**Exercise goal**
Would you repeat the listing exactly but omit every picture?

**Source material**

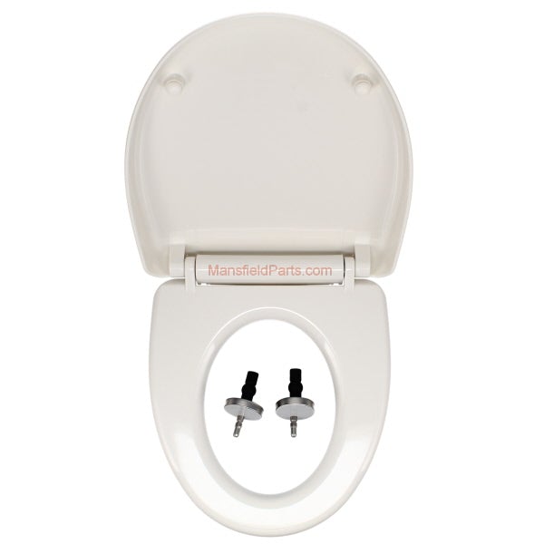PLEASE NOTE THAT TOILET SEATS ARE NOT RETURNABLE FOR ANY REASON DUE TO HEALTH CONCERNS. Genuine Mansfield white toilet seat for the Mansfield Elementary toilet. This seat come with the quick connect hardware, and instructions.
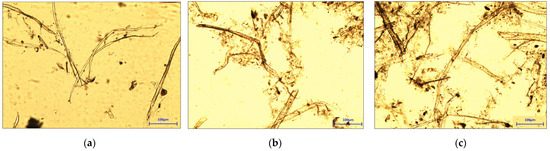 In contrast, the use of the ultra-fine bar plate in Figure 7c yields a different fiber morphology. The resulting fibers largely retain their original length and structure, with fewer short fibers and fines produced. Fibrillation is present but more uniform and less pronounced. The overall structure is coherent with fewer visible debris particles, reflecting the more controlled action of the ultra-fine bar plate. These differences highlight the important role of plate selection in controlling fiber breakdown, fines generation, and network uniformity [5,10,11].
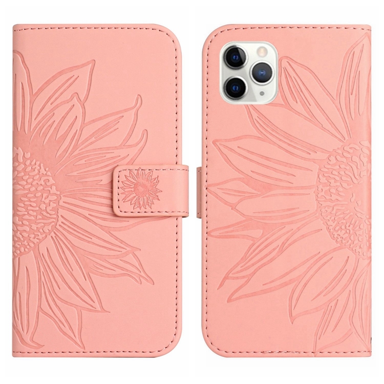 Funda Flip de Cuero Para iPhone 11 Pro Max Skin Feel Sun Flower Pattern con Cordón (Rosa)
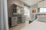 Площадь представленной квартиры – 130 кв.м. За счет грамотного подхода к вопросу организации пространства, она идеально подойдет для единовременного проживания семей из 2-4 человек. Две просторные изолированные спальни, большая гостиная, совмещенная с кухонной зоной, просторная терраса.

**Your response**
PLEASE NOTE THAT TOILET SEATS ARE NOT RETURNABLE FOR ANY REASON DUE TO HEALTH CONCERNS. Genuine Mansfield white toilet seat for the Mansfield Elementary toilet. This seat come with the quick connect hardware, and instructions.
 In contrast, the use of the ultra-fine bar plate in Figure 7c yields a different fiber morphology. The resulting fibers largely retain their original length and structure, with fewer short fibers and fines produced. Fibrillation is present but more uniform and less pronounced. The overall structure is coherent with fewer visible debris particles, reflecting the more controlled action of the ultra-fine bar plate. These differences highlight the important role of plate selection in controlling fiber breakdown, fines generation, and network uniformity [5,10,11].
 Funda Flip de Cuero Para iPhone 11 Pro Max Skin Feel Sun Flower Pattern con Cordón (Rosa)
 Площадь представленной квартиры – 130 кв.м. За счет грамотного подхода к вопросу организации пространства, она идеально подойдет для единовременного проживания семей из 2-4 человек. Две просторные изолированные спальни, большая гостиная, совмещенная с кухонной зоной, просторная терраса.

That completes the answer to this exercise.